- Born: Raymond Ethan Goldstein 1 December 1961 (age 64) West Orange, New Jersey
- Education: Massachusetts Institute of Technology (BS); Cornell University (MS, PhD);
- Awards: FRS (2013); FInstP (2009); FIMA (2010); Ig Nobel Prize (2012);
- Scientific career
- Fields: Biophysics; Complex systems; Nonlinear systems;
- Workplaces: University of Cambridge; University of Chicago; Princeton University; University of Arizona;
- Thesis: Studies of phase transitions and critical phenomena: I. Origin of broken particle-hole symmetry in critical fluids. II. Phase transitions of interacting membranes (1988)
- Doctoral advisor: Neil Ashcroft
- Website: damtp.cam.ac.uk/user/gold; www.damtp.cam.ac.uk/people/r.e.goldstein;

= Raymond E. Goldstein =

Professor of Complex Physical Systems

Raymond Ethan Goldstein (born 1961) FRS FInstP is the Alan Turing Professor of Complex Physical Systems in the Department of Applied Mathematics and Theoretical Physics (DAMTP) at the University of Cambridge and a Fellow of Churchill College, Cambridge.

==Education==
Goldstein was educated at the West Orange Public Schools and Massachusetts Institute of Technology (MIT) where he graduated Phi Beta Kappa with double major Bachelor of Science degrees in Physics and Chemistry in 1983. He continued his education at Cornell University where he was awarded a Master of Science degree in physics in 1986, followed by a PhD in 1988 for research on phase transitions and critical phenomena supervised by Neil Ashcroft.

==Research==
Goldstein's research focuses on understanding nonequilibrium phenomena in the natural world, with particular emphasis on biophysics and has been funded by the Engineering and Physical Sciences Research Council (EPSRC), the Biotechnology and Biological Sciences Research Council (BBSRC) and the European Union 7th Framework Programme on Research & Innovation (FP7). His research has been published in leading peer reviewed scientific journals including Proceedings of the National Academy of Sciences of the United States of America, Physical Review Letters, and the Journal of Fluid Mechanics.

==Career==
Goldstein has held academic appointments at the University of Chicago, Princeton University and the University of Arizona. He was appointed Schlumberger Professor (subsequently renamed the Alan Turing Professor) at the University of Cambridge in 2006.

==Awards and honours==
Goldstein was awarded the Stefanos Pnevmatikos International Award in 2000. He was elected Fellow of the American Physical Society in 2002, Fellow of the Institute of Physics (FInstP) in 2009 and the Institute of Mathematics and its Applications (FIMA) in 2010. With Joseph Keller, Patrick B. Warren and Robin C. Ball, Goldstein was awarded an Ig Nobel Prize in 2012 for calculating the forces that shape and move ponytail hair.

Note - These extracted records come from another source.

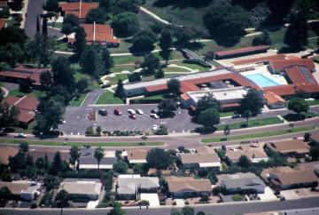 | Chaparral Elementary School Many students in Rancho Bernardo and North Poway attend Chaparral School, in the Poway Unified School District. The school actually sits between the cities of San Diego and Poway, and can be seen in the center of this photograph. This view is from southeast to northwest with Chaparral School in the center. Rancho Bernardo's Gatewood Hills is to the left of the school, and the Vineland Hills / Stoneridge area of North Poway is to the right of the school. The Oaks North Golf Course can be seen in the center background. |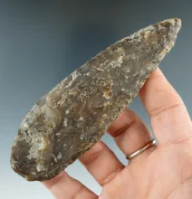 Pictured! 4 11/16" patinated Knife River Flint Archaic Blade found in Eastern South Dakota. |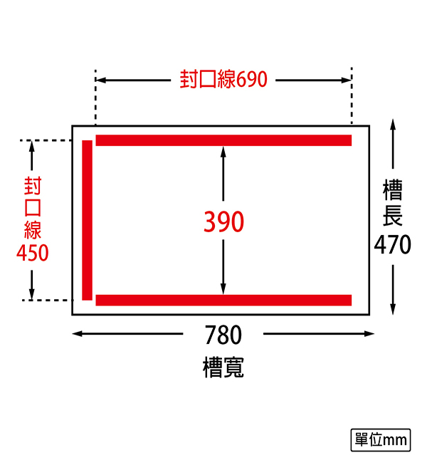 Max. sealing  760 x 5mm x2  650 x 5mm x 1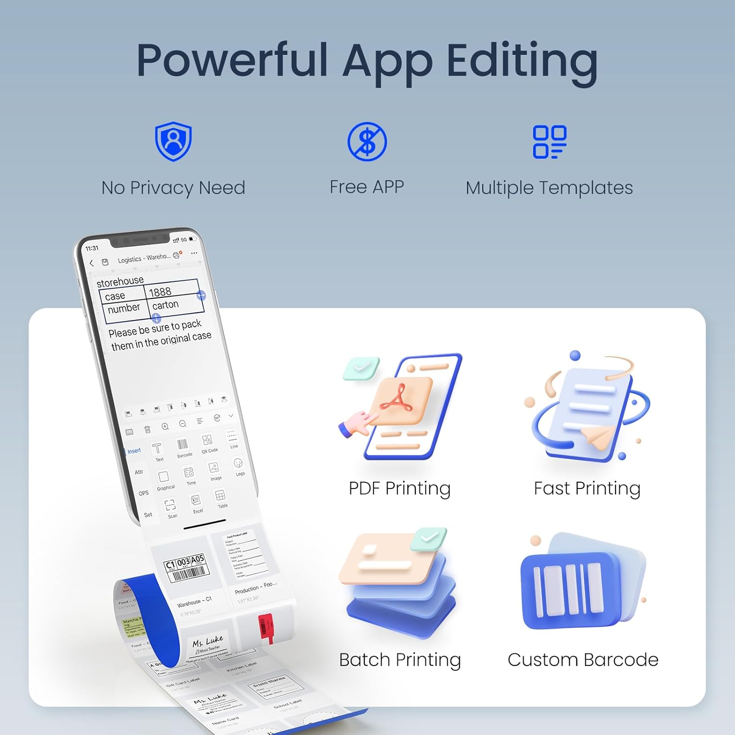 - Fast & Stable Connection: Portable thermal label printer built -in 1500mAh large capacity battery can print 4 hours continuously after fully charged. Mini label printer only 240 grams and speed up to 55mm/sec. High speed brings high efficiency and helps your business grow faster!The wireless printer supports iOS, Android and window. Fast and stable connection. Not suggested for use with Pad, incompatible with Pad.

Goldstein was elected a Fellow of the Royal Society (FRS) in 2013. His nomination reads:

He was awarded the 2016 Batchelor Prize of the International Union of Theoretical and Applied Mechanics for his research into active matter fluid mechanics., and the Institute of Physics Rosalind Franklin Medal and Prize for revealing the physical basis for fluid motion in and around active cells.

==Personal life==
Goldstein married Argentine mathematical physicist Adriana Pesci.